A direcção da Associação Portuguesa de Medicina Geral e Familiar enviou a este Colégio a comunicação de uma associada sobre um pedido feito por uma utente em consulta para a transcrição de um pedido de informação clínica e de exames auxiliares de diagnóstico com o objetivo de poder formalizar uma candidatura a um concurso televisivo para tratamento de patologia dentária (…). O requerimento inclui Rx à boca (ortopantomografia), electrocardiograma, análises clínicas normais (hemograma) com as infecto-contagiosas (VIH e hepatites), historial clínico (passado pelo médico de família com informação médica relevante), lista com a medicação que faz diariamente e a dosagem (incluindo a pílula e medicamentos para as dores de dentes), e ficha vacinal (ou papel passado pelo centro de saúde com registo de vacinas).

A direcção da Associação Portuguesa de Medicina Geral e Familiar considera a situação descrita inaceitável, quer do ponto de vista ético e deontológico, quer do ponto de vista legal e remete a queixa para a Ordem dos Médicos e para este Colégio.

Na apreciação da situação colocada foram tidos em consideração os seguintes aspectos:

  • A finalidade do ato médico;
  • A acessibilidade do cidadão aos serviços de saúde em Portugal;
  • A autonomia reconhecida na decisão em saúde;
  • A ponderação entre o benefício e o potencial dano que deve presidir à decisão médica nos processos de diagnóstico e de terapêutica;
  • O incentivo a más práticas no bem público que é a Saúde, tanto pelos utilizadores dos serviços como pelos seus servidores;
  • A utilização de uma relação de privilégio, baseada na confiança médico-doente, para alcançar um objetivo que se desvia da normal relação de aliança terapêutica do ato médico;
  • A tentativa de corromper a relação clínica fazendo-a depender da boa vontade;
  • O atentado à honra dos Médicos de Família;
  • A ausência de informação relativa ao percurso dos dados de saúde recolhidos.

Após análise destes aspectos o Colégio considera que este Programa coloca em causa a confidencialidade dos dados de saúde e a relação médico-doente:

  • O conjunto de testes pedidos é incorrecto do ponto de vista técnico-científico, porque não está sustentado por qualquer evidência. É condenável do ponto de vista deontológico pois pode induzir práticas não justificadas pelo interesse de saúde do doente, além de potencialmente criar falsas necessidades de consumo em saúde.

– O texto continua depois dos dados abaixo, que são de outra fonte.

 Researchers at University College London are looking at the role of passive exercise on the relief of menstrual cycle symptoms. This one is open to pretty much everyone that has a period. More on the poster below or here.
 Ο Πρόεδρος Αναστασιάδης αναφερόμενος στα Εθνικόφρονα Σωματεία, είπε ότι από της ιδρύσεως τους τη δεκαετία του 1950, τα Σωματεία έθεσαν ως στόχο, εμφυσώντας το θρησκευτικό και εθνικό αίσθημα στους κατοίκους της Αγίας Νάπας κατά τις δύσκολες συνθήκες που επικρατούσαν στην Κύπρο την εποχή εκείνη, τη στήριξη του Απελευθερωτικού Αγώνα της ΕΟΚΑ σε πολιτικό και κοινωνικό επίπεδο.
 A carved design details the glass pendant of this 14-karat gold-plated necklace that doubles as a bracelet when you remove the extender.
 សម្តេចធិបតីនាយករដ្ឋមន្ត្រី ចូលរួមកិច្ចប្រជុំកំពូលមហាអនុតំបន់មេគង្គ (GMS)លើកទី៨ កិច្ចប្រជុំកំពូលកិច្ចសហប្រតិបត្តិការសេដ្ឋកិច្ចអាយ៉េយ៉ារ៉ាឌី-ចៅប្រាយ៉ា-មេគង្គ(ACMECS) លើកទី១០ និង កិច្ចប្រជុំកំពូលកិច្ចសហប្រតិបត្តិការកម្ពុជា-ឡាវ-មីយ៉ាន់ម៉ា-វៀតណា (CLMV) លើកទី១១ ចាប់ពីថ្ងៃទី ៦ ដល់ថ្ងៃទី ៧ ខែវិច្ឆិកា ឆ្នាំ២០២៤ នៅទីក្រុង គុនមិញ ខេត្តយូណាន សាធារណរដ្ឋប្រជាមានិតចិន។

A aceitação da candidatura ao Programa é função da apresentação dos documentos requeridos, fazendo-a depender da publicitação de dados de saúde confidenciais relativos à intimidade da sua vida privada, especialmente protegidos face à Lei.

O facto dos resultados dos exames (como a situação serológica face ao VIH e hepatites) poderem influenciar a decisão da candidatura, pode configurar uma discriminação objectiva de pessoas com potencial risco agravado de saúde, numa situação de especial vulnerabilidade face à expectativa criada de resolução de um problema de saúde por si identificado.

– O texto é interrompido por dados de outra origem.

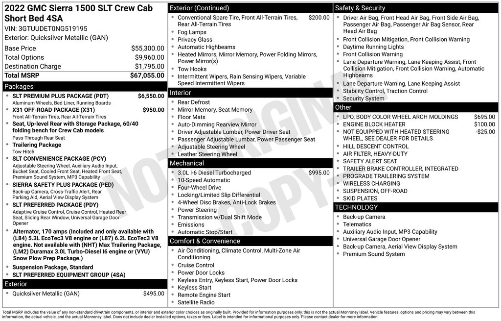 2022 GMC Sierra 1500 SLT Quicksilver Metallic SLT 4WD 10-Speed Automatic 3.0L I6 10-Speed Automatic, 4WD, Jet Black Leather, 10-Way Power Driver Seat Adjuster w/Lumbar, 10-Way Power Passenger Seat Adjuster w/Lumbar, 120-Volt Bed Mounted Power Outlet, 120-Volt Instrument Panel Power Outlet, 170 Amp Alternator, 2 Charge/Data USB Ports, 2 Charge/Data USB Ports Inside Center Console, 2 Type-C Charge-Only Rear USB Ports, 20" Polished Aluminum Wheels, 220 Amp Alternator, 3.23 Rear Axle Ratio, 4-Wheel Disc Brakes, 6 Speakers, 6-Speaker Audio System Feature, ABS brakes, Adaptive Cruise Control, Air Conditioning, Alloy wheels, AM/FM radio: SiriusXM with 360L, Apple CarPlay/Android Auto, Auto High-beam Headlights, Auto-dimming door mirrors, Auto-dimming Rear-View mirror, Auto-Locking Rear Differential, Automatic Emergency Braking, Automatic temperature control, Auxiliary External Transmission Oil Cooler, Body Color Wheel Arch Moldings (LPO), Brake assist, Buckle to Drive, Bumpers: chrome, Chrome Header & Chrome Grille Insert Bars, Chrome Wheel To Wheel Assist Steps, Color-Keyed Carpeting Floor Covering, Compass, Deep-Tinted Glass, Delay-off headlights, Driver door bin, Driver Memory, Driver vanity mirror, Dual Exhaust System, Dual front impact airbags, Dual front side impact airbags, Electric Rear-Window Defogger, Electrical Steering Column Lock, Electronic Precision Shift, Electronic Stability Control, Emergency communication system: OnStar and GMC Connected Services capable, Engine Block Heater, Exterior Parking Camera Rear, Floor-Mounted Center Console, Following Distance Indicator, Forward Collision Alert, Front 40/20/40 Split-Bench Seat, Front anti-roll bar, Front Bucket Seats, Front Center Armrest w/Storage, Front dual zone A/C, Front fog lights, Front Frame-Mounted Black Recovery Hooks, Front Pedestrian Braking, Front Rainsensing Wipers, Front reading lights, Front wheel independent suspension, Fully automatic headlights, GMC Connected Access Capable, HD Rear Vision Camera, HD Surround Vision, Heated 2nd Row Outboard Seats, Heated door mirrors, Heated Driver & Front Outboard Passenger Seating, Heated front seats, Heated Steering Wheel, Heated steering wheel, Heavy-Duty Air Filter, High Capacity Suspension Package, Hill Descent Control, Hitch Guidance, Hitch Guidance w/Hitch View, Illuminated entry, In-Vehicle Trailering App, Integrated Trailer Brake Controller, IntelliBeam Automatic High Beam On/Off, Keyless Open & Start, Lane Keep Assist w/Lane Departure Warning, LED Cargo Area Lighting, Low tire pressure warning, Manual Tilt-Wheel & Telescoping Steering Column, Memory seat, Navigation System, Not Equipped w/Heated Steering Wheel (DISC), Occupant sensing airbag, Off-Road Suspension, OnStar & GMC Connected Services Capable, Outside temperature display, Overhead airbag, Overhead console, Panic alarm, Passenger door bin, Passenger vanity mirror, Perf Leather-Appointed Front Outboard Seat Trim, Perimeter Lighting, Power Door Locks, Power door mirrors, Power driver seat, Power Front Passenger Windows w/Express Up/Down, Power Front Windows w/Driver Express Up/Down, Power passenger seat, Power Rake & Telescoping Steering Column, Power Rear Windows w/Express Down, Power Sliding Rear Window w/Rear Defogger, Power steering, Power windows, Preferred Equipment Group 4SA, Premium audio system: GMC Infotainment System, Premium Bose 7-Speaker Sound System, ProGrade Trailering System, Push Button Start, Radio data system, Radio: Premium GMC Infotainment Audio System, Rain sensing wipers, Rear Cross Traffic Braking, Rear Pedestrian Detection, Rear reading lights, Rear seat center armrest, Rear step bumper, Rear Wheelhouse Liners, Rear window defroster, Remote keyless entry, Remote Vehicle Starter System, Safety Alert Seat, Security system, Sierra Safety Plus Package, SiriusXM w/360L, SLT Convenience Package, SLT Preferred Package, SLT Premium Plus Package, Speed control, Speed-sensing steering, Split folding rear seat, Spray-On Pickup Bed Liner

Promove o recurso aos serviços públicos de saúde, apropriando-se de recursos que são de todos, colocando interesses privados potencialmente discriminatórios para o cidadão à frente da defesa da sua saúde.

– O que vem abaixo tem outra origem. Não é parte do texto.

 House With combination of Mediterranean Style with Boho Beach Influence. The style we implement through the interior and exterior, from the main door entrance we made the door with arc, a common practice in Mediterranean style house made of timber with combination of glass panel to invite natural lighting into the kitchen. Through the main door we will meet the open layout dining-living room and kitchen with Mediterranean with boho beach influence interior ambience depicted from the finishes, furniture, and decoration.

Em conclusão, a forma de acesso à candidatura a esse programa de televisão coloca em causa direitos fundamentais dos cidadãos, nomeadamente e enquanto utilizadores dos serviços de saúde, situação em que o médico especialista em Medicina Geral e Familiar tem particular competência enquanto coordenador de cuidados de saúde e advogado do cidadão. Por isso, o Colégio de Medicina Geral e Familiar da Ordem dos Médicos considera que o processo de candidatura ao programa (…), operacionalizado através da “Ficha de candidatura …” não está conforme às Leges Artis, nem às regras deontológicas que comprometem os Médicos, nomeadamente os médicos especialistas em Medicina Geral e Familiar, nem à protecção dos direitos civis dos cidadãos, devendo ser liminarmente rejeitado.

Isabel P. Santos

Presidente da Direcção do Colégio da Especialidade de Medicina Geral e Familiar

Lisboa, 15 de Junho de 2018

Aprovado por: Ana Luísa Bettencourt, António Romão, Gonçalo Envia, Edite Spencer, Isabel Santos, Ivo Reis, Joana Monteiro, Marta Dora Ornelas, Paulo Santos, Victor Ramos.